I attended a conference last weekend in the aptly named Downers Grove, out in the suburban doughnut of strip malls and car dealerships that surrounds the city of Chicago and buffers it against the redneck sea. I used to live in the northern part of this doughnut, in a town called Glenview, next to a big naval air station. But the naval base has since been eaten by little starter mansions, and I'm hoping other reminders of my adolescence will follow its lead.

I had only been back to Illinois once before, for my high school reunion, and it felt both creepy and dissociative to return to the place as someone who can now drive and buy alcohol and do other adult things that were off-limits back in the day. The radio in my rental car (red! Wisconsin plates!) was tuned to the same oldies station that I had been addicted to as a thirteen-year-old boy, with the ageless Dick Biondi still announcing each two-minute song in a voice of indestructible enthusiasm. I found this unusualy distressing; a man should only have to hear so many Paul Anka tunes in his lifetime.

The conference hotel was one of those places, like the Gulag, designed to be easily reachable from a major transportation hub, but far enough away from any population centers to keep people from trying to leave. This caused some grumbling during the early stages of the conference (an academic technology snoozer), when people had enough energy to contemplate leaving the building, but after the fourth or fifth discussion on 'whither courseware', all traces of initiative and spark had given way to a pleasing somnolence.

There is some funny cultural mixing near the hickipause, that border area where urban civilization starts to give way to big hair country.

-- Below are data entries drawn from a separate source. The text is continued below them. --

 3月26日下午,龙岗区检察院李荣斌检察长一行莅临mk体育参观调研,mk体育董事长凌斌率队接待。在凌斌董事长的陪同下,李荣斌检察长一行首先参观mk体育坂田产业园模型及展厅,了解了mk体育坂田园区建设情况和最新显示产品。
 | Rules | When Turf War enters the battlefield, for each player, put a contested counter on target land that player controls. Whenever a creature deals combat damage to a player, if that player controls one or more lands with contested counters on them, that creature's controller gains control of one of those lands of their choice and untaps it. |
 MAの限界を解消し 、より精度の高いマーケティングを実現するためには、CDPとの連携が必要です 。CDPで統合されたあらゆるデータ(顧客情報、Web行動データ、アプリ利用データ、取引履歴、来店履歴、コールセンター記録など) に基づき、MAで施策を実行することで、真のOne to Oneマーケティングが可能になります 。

The conference hotel breakfast bar offered freshly brewed cappucino, but also sausage pucks spread in a lattice on a layer of Wonder bread. For lunch, there was foccacia, tuna carpaccio -and hot meatloaf with red sauce. I knew that if I were to head just a few miles further west, I would start to see feed stores, and then enter the four hundred million square miles of corn that separate Chicago from the nearest topographical feature. But instead I pointed my red cheesemobile east, into the city - I was going to meet Mimi Smartypants!

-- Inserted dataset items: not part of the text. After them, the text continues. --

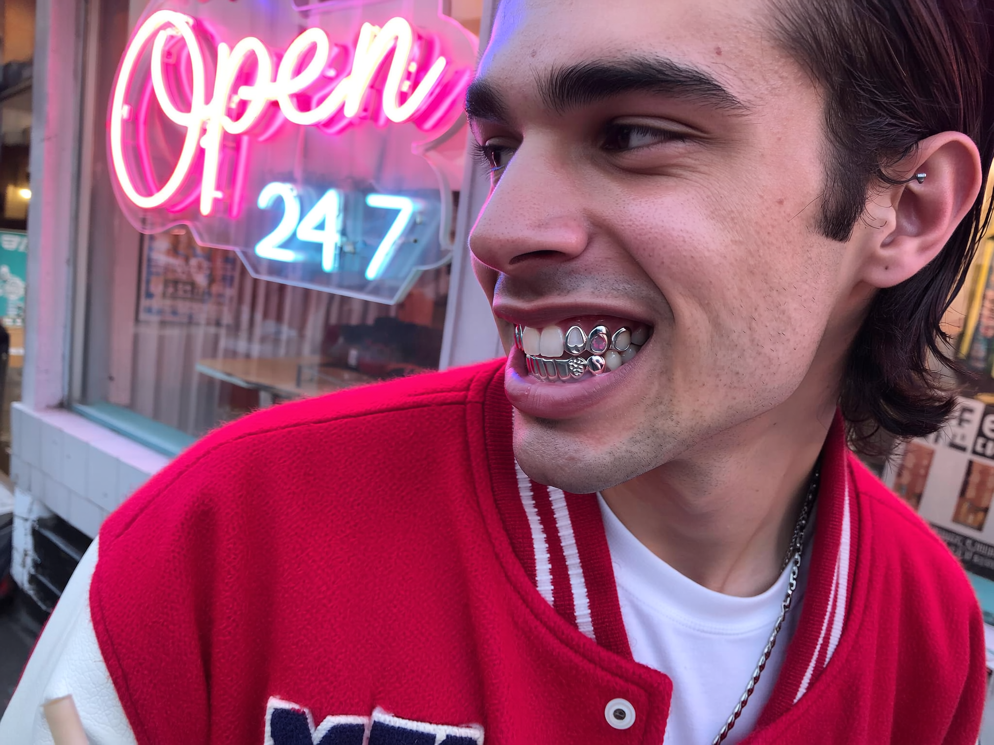 A close-up upper-body shot of a young man with slicked-back dark hair, on his teeth shining a polished set of silver grills that catch the neon pink and blue light from a vintage 1980s-style diner's "Open 24/7" sign, each tooth's smooth metallic surface reflecting intricate details and realistic highlights. He wears a vibrant crimson varsity jacket layered over a clean white tee, the jacket's soft, slightly worn fabric texture visible under ambient dusk lighting. His expression is alert as he glances sideways, holding a milkshake casually in one hand. Soft neon hues bathe his skin’s natural texture and the fabric’s grain, with realistic shadows enhancing the tactile feel. The background shows the softly blurred neon-lit diner facade, framed at a subtle tilt to evoke an intimate, candid iPhone photograph's spontaneous vibe.
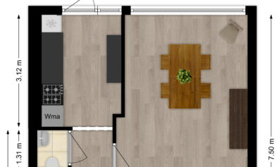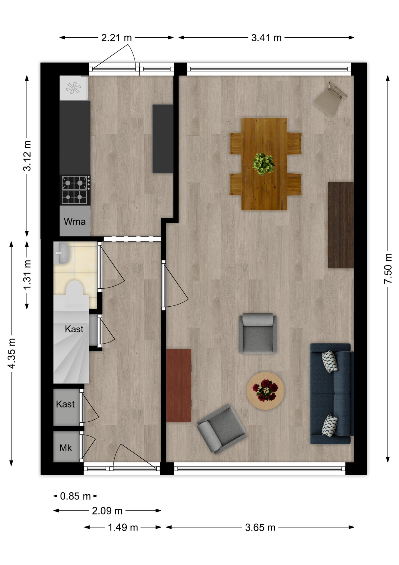 Maatvoering: Circa 7.50 x 3.65/3.41m
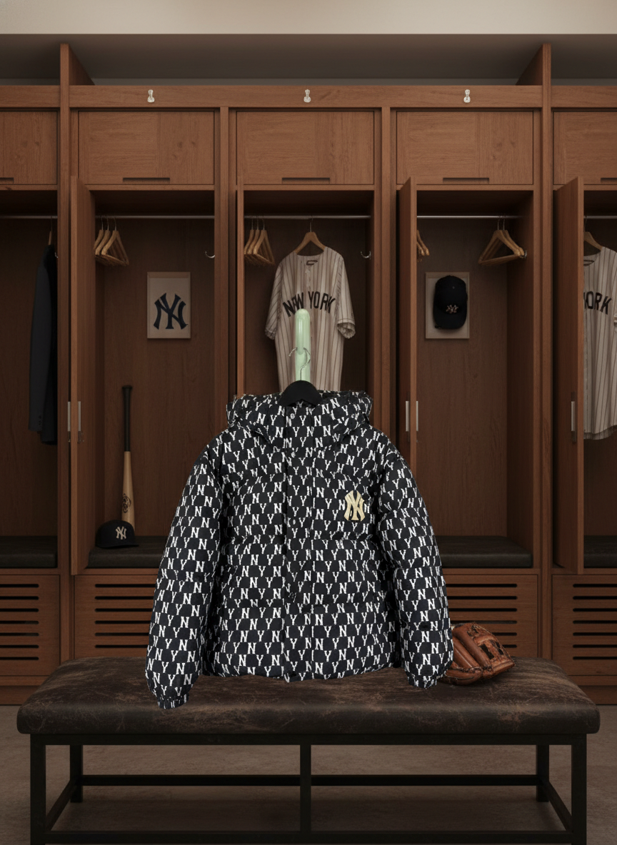 MLB NY Logo Black Puffer Jacket, Warm Winter Hooded Coat with Allover Print, Stylish Lightweight Outerwear for Men and Women

I don't know what I can tell you about Mimi Smartypants. She is my writing hero, a longtime intellectual crush, and the antidote for every time I get sick of blogs, politics, trackbacks, formats, syndication feeds, the Future Of Computers, emergent folksonomies, or any of the thousand other ways people have invented to be tiresome online. Mimi can (and probably does) write two thousand words about a piece of lint she found on her sleeve, and it will be engaging, full of obscure interesting links, and funny enough to make her site impossible to read during staff meetings. Not many sites pass that bar with old Stone-Face Ceglowski.

So you can imagine my excitement at getting to meet Mimi, her husband LT, and their Internet-famous daughter Nora, especially since my visit was so cloaked in mystery. I still did not know so much as Mimi's real initials even as I stood outside the front door to the Smartypants compound, trying to figure out which apartment button to push.

I was greeted at the door by an elegant, petite Asian woman in a Viking helmet who directed me to my seat and then climbed into a kind of hamper for much of the rest of the evening. I tried speaking a little Polish to her to break the ice, but it just gave her the giggles. I wonder if it was some kind of happy nostalgia for retroflex sibilants (the single strange point in common between Polish and Chinese), or just the novelty of Gibberish Speaking Man.

In any case, Gibberish Speaking Man had a wonderful time with both the small woman and with her extremely likable parents, and wishes to extend a big, awkward public "thank you" to you all. I look forward to the day when we can talk for an evening without the spectre of next-morning seven o'clock meetings, and without me having to keep my blood alcohol in the safe driving range.

The rest of my readers are encouraged to go buy Mimi's book. Help fund the beer that fuels the writing that makes us all so happy.

3:22 PM


11.04.04

Calm The Fuck Down

Dave Winer this morning:

Driving through Bush Country, looking Jewish with Massachusetts plates on my Lexus, I felt really self-conscious. 51 percent of the electorate looked the other way and re-elected a President who started a war with a far-away country that was no threat to the US. Why do people like me feel so scared of what this country has become?

Because they're histrionic, attention-seeking narcissists?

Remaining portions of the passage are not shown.